EXTRACTED MATERIAL START

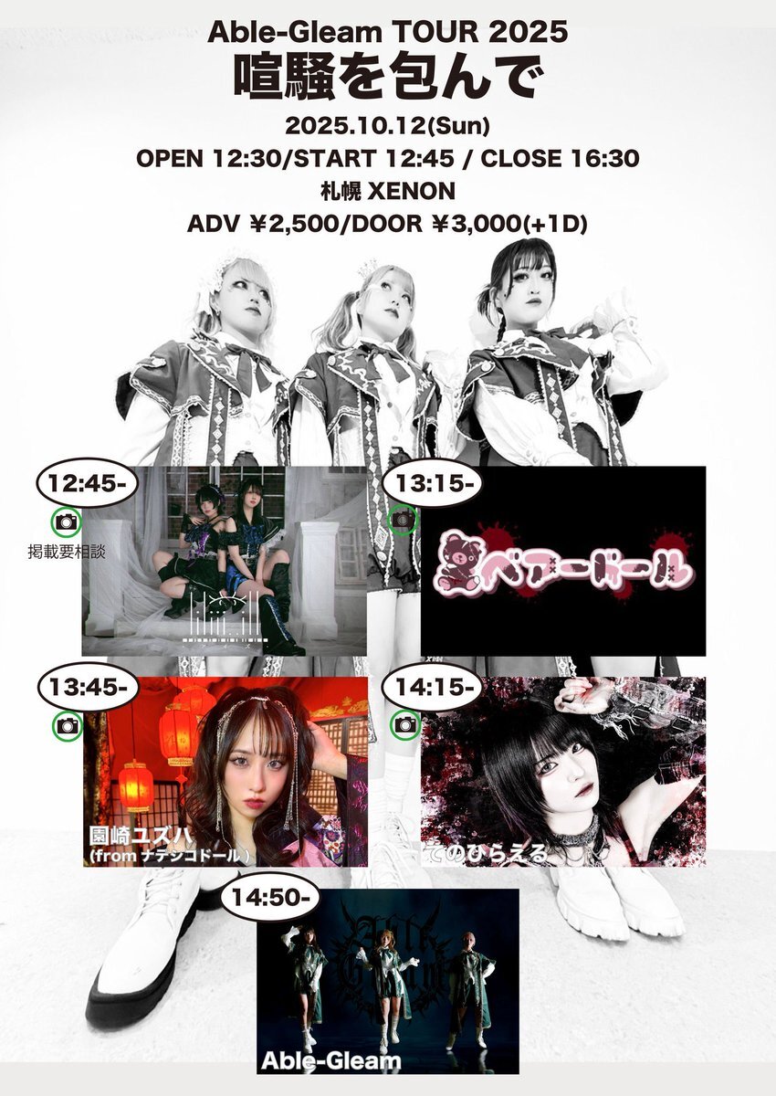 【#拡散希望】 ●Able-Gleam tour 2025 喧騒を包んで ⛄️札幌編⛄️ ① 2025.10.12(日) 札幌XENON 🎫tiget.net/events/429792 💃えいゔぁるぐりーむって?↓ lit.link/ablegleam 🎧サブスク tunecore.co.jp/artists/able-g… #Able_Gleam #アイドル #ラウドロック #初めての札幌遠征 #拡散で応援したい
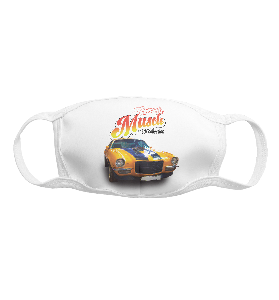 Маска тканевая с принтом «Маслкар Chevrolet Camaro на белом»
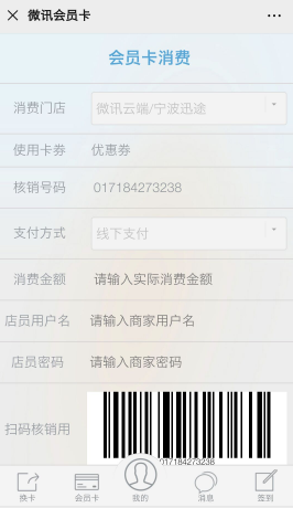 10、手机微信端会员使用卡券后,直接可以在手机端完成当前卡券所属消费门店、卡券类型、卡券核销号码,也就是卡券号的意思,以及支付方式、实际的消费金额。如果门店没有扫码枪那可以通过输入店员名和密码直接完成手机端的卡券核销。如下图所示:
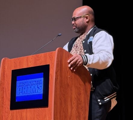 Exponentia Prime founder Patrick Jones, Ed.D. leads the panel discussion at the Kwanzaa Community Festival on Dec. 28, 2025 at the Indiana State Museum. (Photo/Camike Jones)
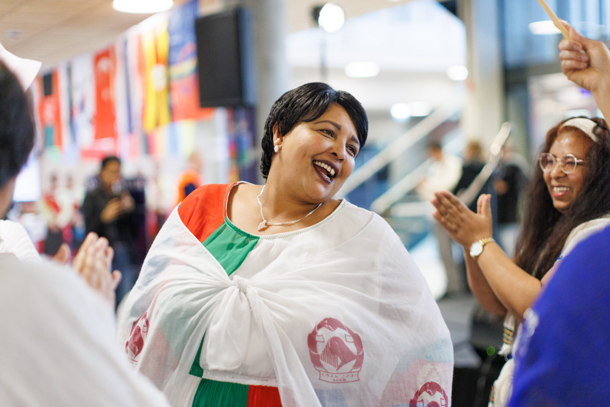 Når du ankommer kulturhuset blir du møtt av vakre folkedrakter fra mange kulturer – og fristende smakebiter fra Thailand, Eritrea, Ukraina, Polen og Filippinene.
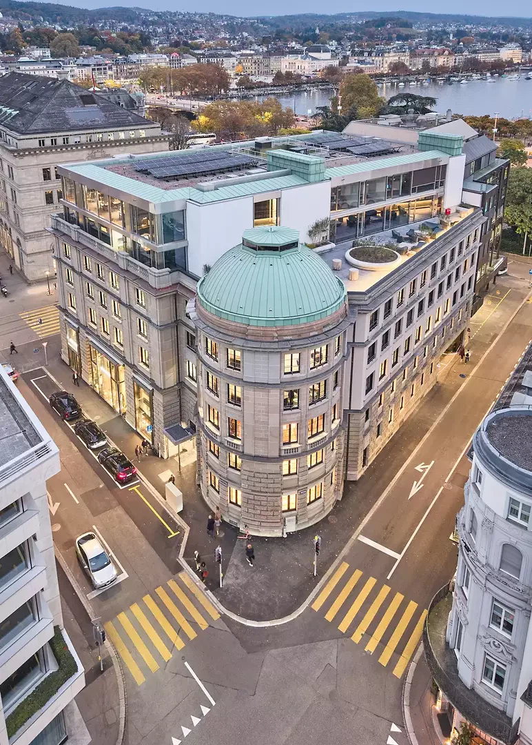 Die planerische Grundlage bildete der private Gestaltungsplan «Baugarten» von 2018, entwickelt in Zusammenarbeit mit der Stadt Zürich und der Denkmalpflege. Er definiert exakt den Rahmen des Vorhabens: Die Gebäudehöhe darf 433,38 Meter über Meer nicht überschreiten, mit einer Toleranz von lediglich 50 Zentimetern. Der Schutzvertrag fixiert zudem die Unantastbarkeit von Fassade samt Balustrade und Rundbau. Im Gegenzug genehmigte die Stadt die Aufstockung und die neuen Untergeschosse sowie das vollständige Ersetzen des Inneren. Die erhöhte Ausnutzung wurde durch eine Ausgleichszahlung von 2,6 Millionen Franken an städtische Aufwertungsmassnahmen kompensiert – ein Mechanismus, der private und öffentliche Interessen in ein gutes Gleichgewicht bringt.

EXTRACTED MATERIAL END

**WORK TO COMPLETE**
Ending at the line with "Når du ankommer", reproduce exactly the lines that begin at the top of the data, and include no pictures.

**TASK SOLUTION**
 【#拡散希望】 ●Able-Gleam tour 2025 喧騒を包んで ⛄️札幌編⛄️ ① 2025.10.12(日) 札幌XENON 🎫tiget.net/events/429792 💃えいゔぁるぐりーむって?↓ lit.link/ablegleam 🎧サブスク tunecore.co.jp/artists/able-g… #Able_Gleam #アイドル #ラウドロック #初めての札幌遠征 #拡散で応援したい
 Маска тканевая с принтом «Маслкар Chevrolet Camaro на белом»
 10、手机微信端会员使用卡券后,直接可以在手机端完成当前卡券所属消费门店、卡券类型、卡券核销号码,也就是卡券号的意思,以及支付方式、实际的消费金额。如果门店没有扫码枪那可以通过输入店员名和密码直接完成手机端的卡券核销。如下图所示:
 Exponentia Prime founder Patrick Jones, Ed.D. leads the panel discussion at the Kwanzaa Community Festival on Dec. 28, 2025 at the Indiana State Museum. (Photo/Camike Jones)
 Når du ankommer kulturhuset blir du møtt av vakre folkedrakter fra mange kulturer – og fristende smakebiter fra Thailand, Eritrea, Ukraina, Polen og Filippinene.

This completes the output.